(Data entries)
---
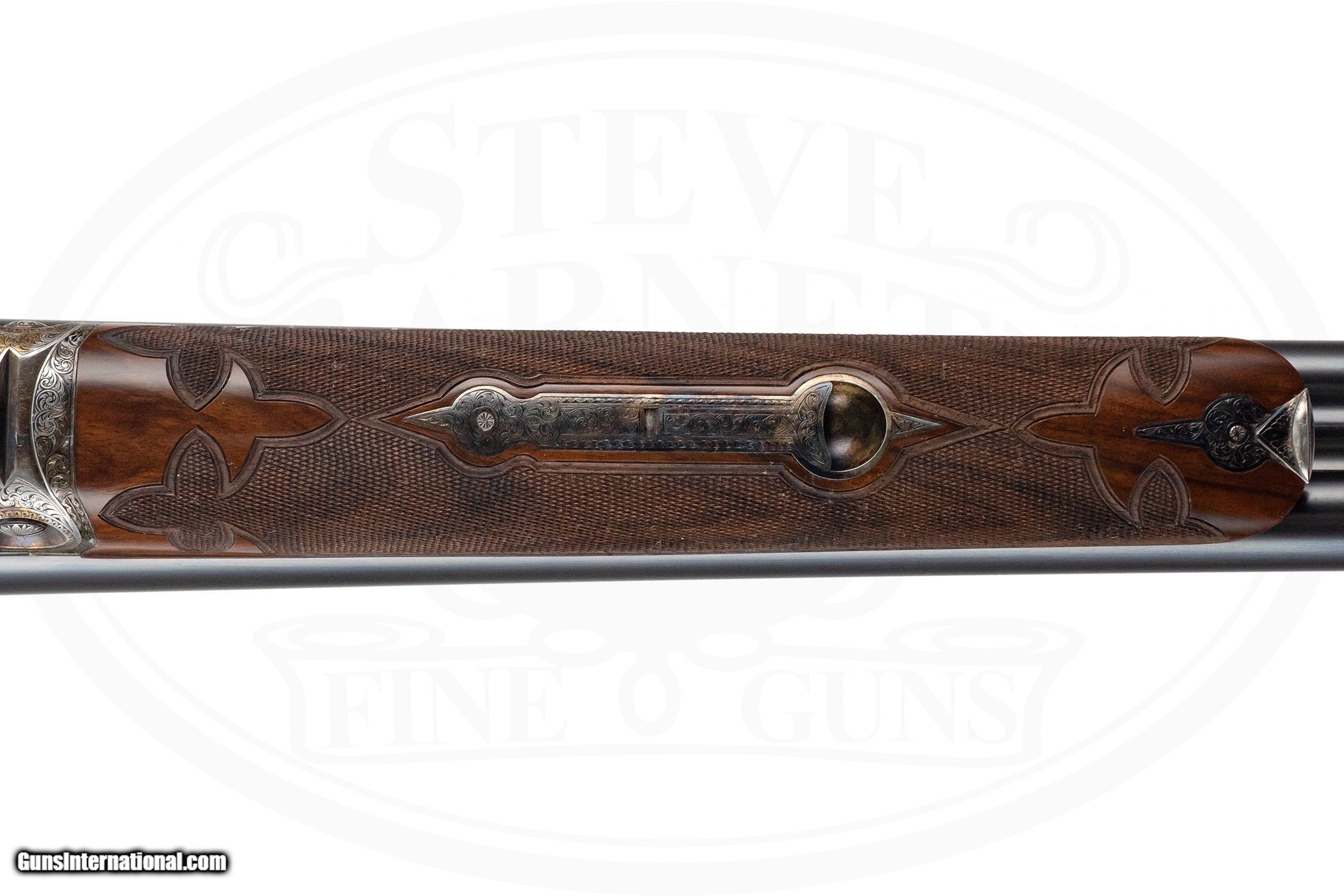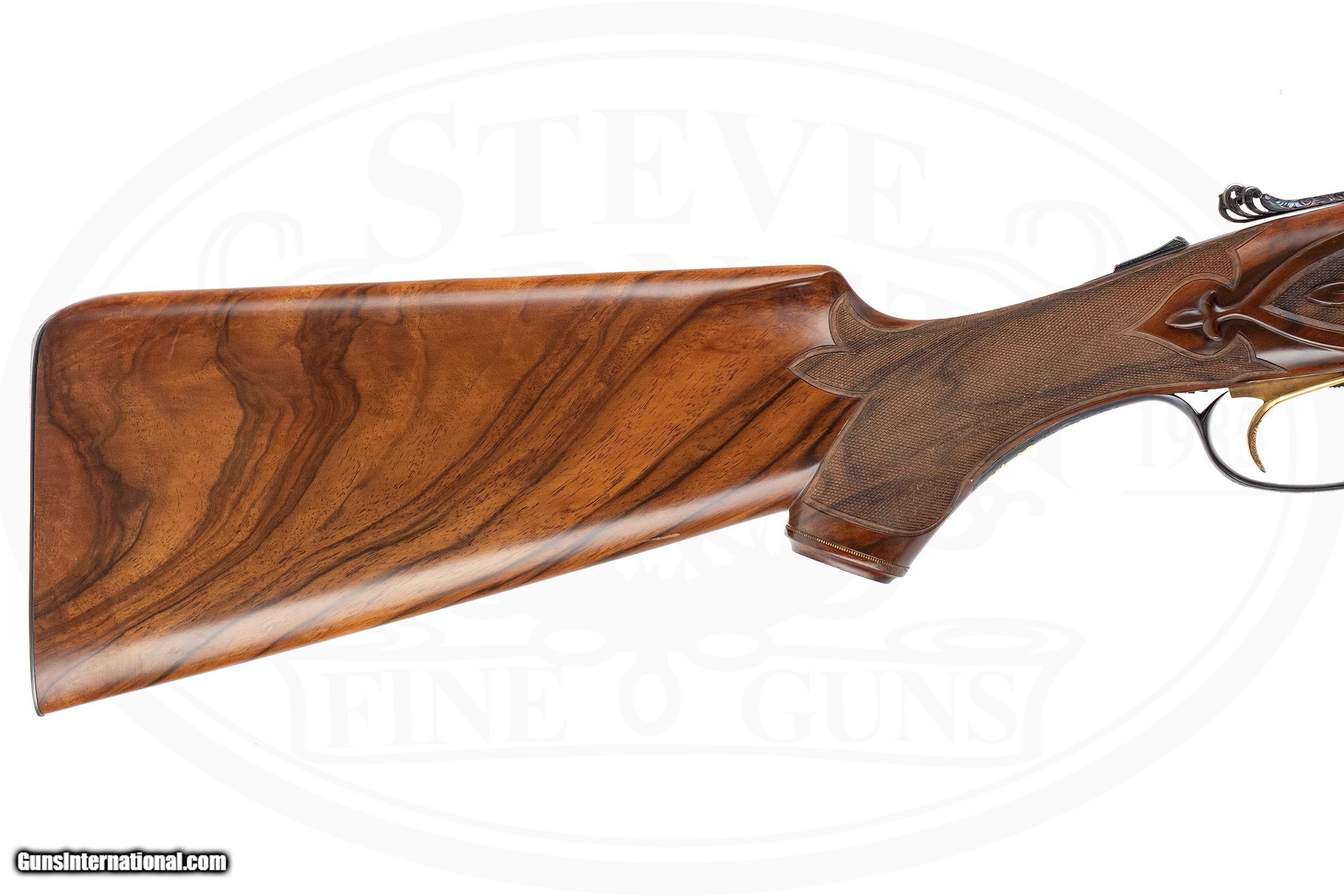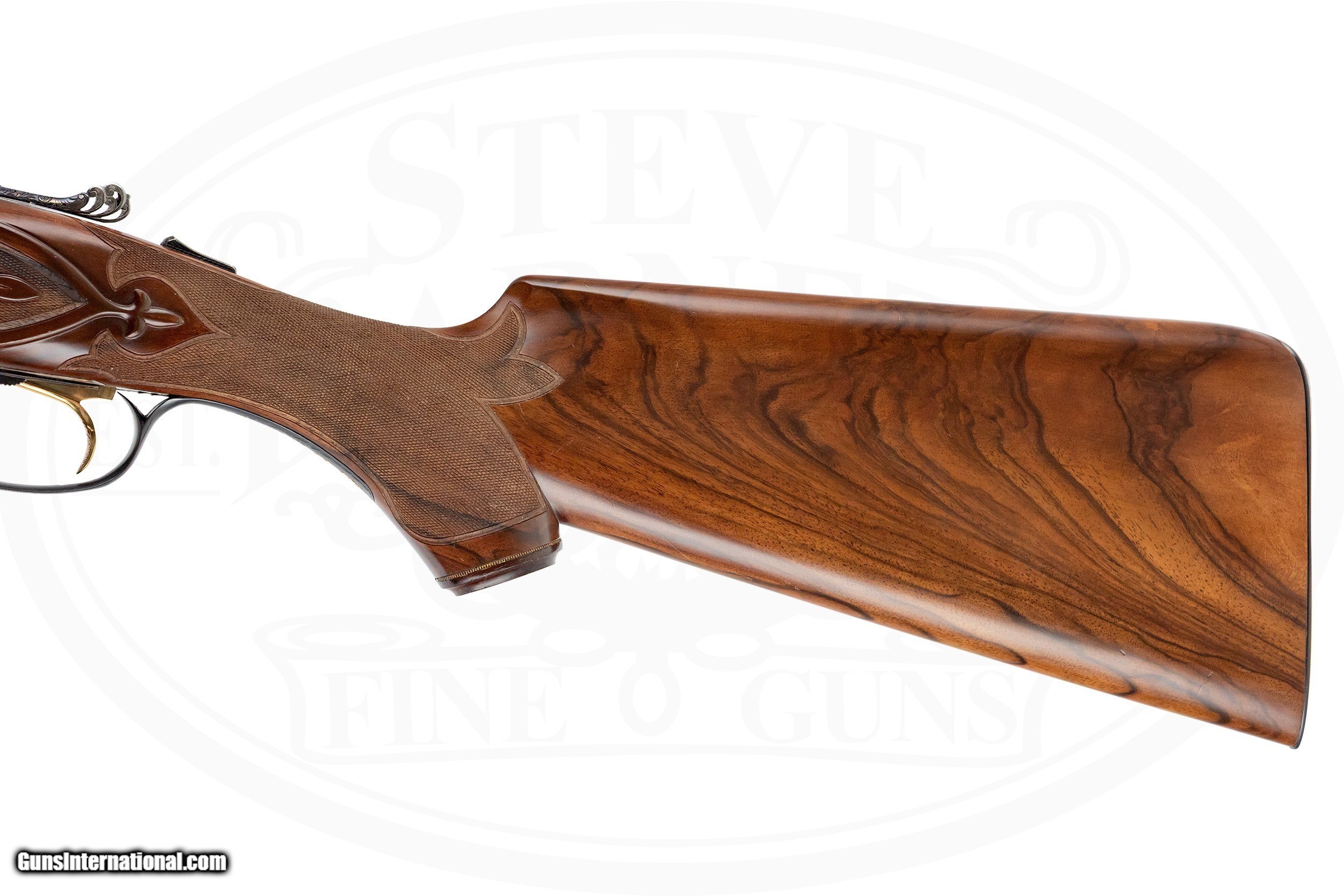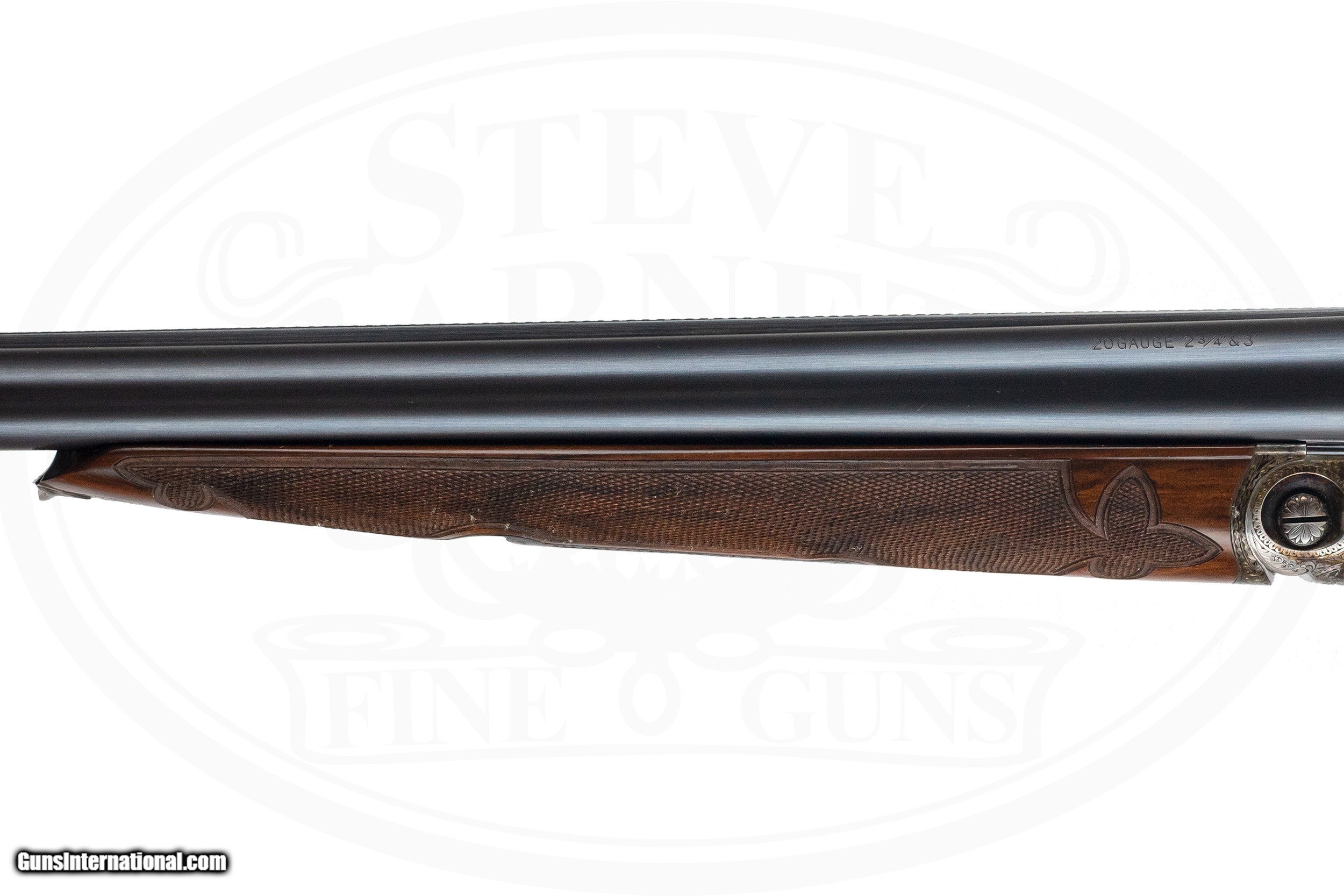Description: SN# 20-0X7 26" SOLID RIB BARRELS IC AND MOD CHOKE (.011 AND .018 CONSTRICTIONS) 2 3/4" & 3" CHAMBERS 28" SOLID RIB BARRELS MOD AND FULL CHOKE (.011 AND .037 CONSTRICTIONS) 2 3/4" & 3" CHAMBERS SINGLE SELECTIVE TRIGGER EJECTORS (1) SPLINTER FOREARM CAPPED PISTOL GRIP - NOT PERSONALIZED SKELETON BUTT GUN IS EXCELLENT CONDTION WITH SOME HANDLING TO WOOD AND METAL FINISHES ESPEICALLY ALONG EDGES FROM CAREFUL USE AND STORAGE 6LBS 9 OZ W/ 26" BBLS 6LBS 11 OZ W/ 28" BBLS 2 1/8" DAH 1 5/16" DAC 14 3/16" LOP CASED WITH DUST COVER AND SNAP CAPS Price: $12,500.00 Buy Now Contact Seller |
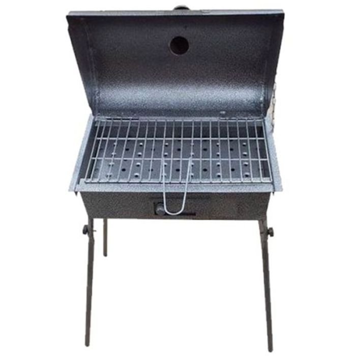 Barbecue avec couverle – Cuve et couvercle en fer- idéal pour cuire de la bonne viande et pour le camping, jardin, plage – Fait passer votre expérience de plein air – Dimensions: 48 x 30 x 25 cm
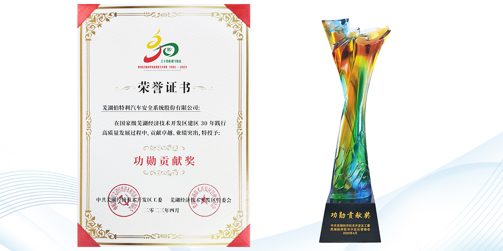 2023年4月27日,國家級蕪湖經(jīng)濟(jì)技術(shù)開發(fā)區(qū)建區(qū)30周年高質(zhì)量發(fā)展大會暨重大項目集中簽約儀式圓滿舉辦,伯特利董事長袁永彬博士、副總經(jīng)理陳忠喜先生應(yīng)邀出席本次大會。伯特利與奇瑞控股集團(tuán)、海螺集團(tuán)、信義集團(tuán)等多家企業(yè),榮獲建區(qū)30周年高質(zhì)量發(fā)展“功勛貢獻(xiàn)獎”。
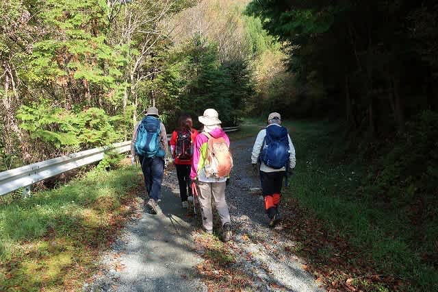 駐車場でザックを降ろして寛いだところで、『やまじいさん、滝へは少し道から下るので、靴はそのままで!』と言うと
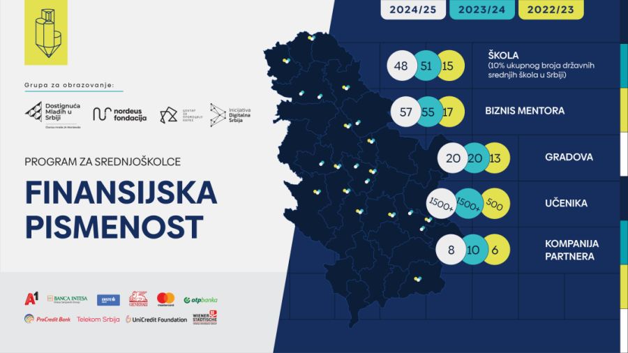 I ove godine će srpski srednjoškolci, njih 1.500 iz 48 srednjih škola, steći praktična znanja o upravljanju budžetom, prepoznavanju rizika, investiranju i korišćenju digitalnih alata, a sve zahvaljujući programu finansijske pismenosti.
---
Leave out every picture, and repeat word for word only the lines from the one holding "駐車場でザックを降ろして寛い" through the end of the entries above, both ends included.

 駐車場でザックを降ろして寛いだところで、『やまじいさん、滝へは少し道から下るので、靴はそのままで!』と言うと
 I ove godine će srpski srednjoškolci, njih 1.500 iz 48 srednjih škola, steći praktična znanja o upravljanju budžetom, prepoznavanju rizika, investiranju i korišćenju digitalnih alata, a sve zahvaljujući programu finansijske pismenosti.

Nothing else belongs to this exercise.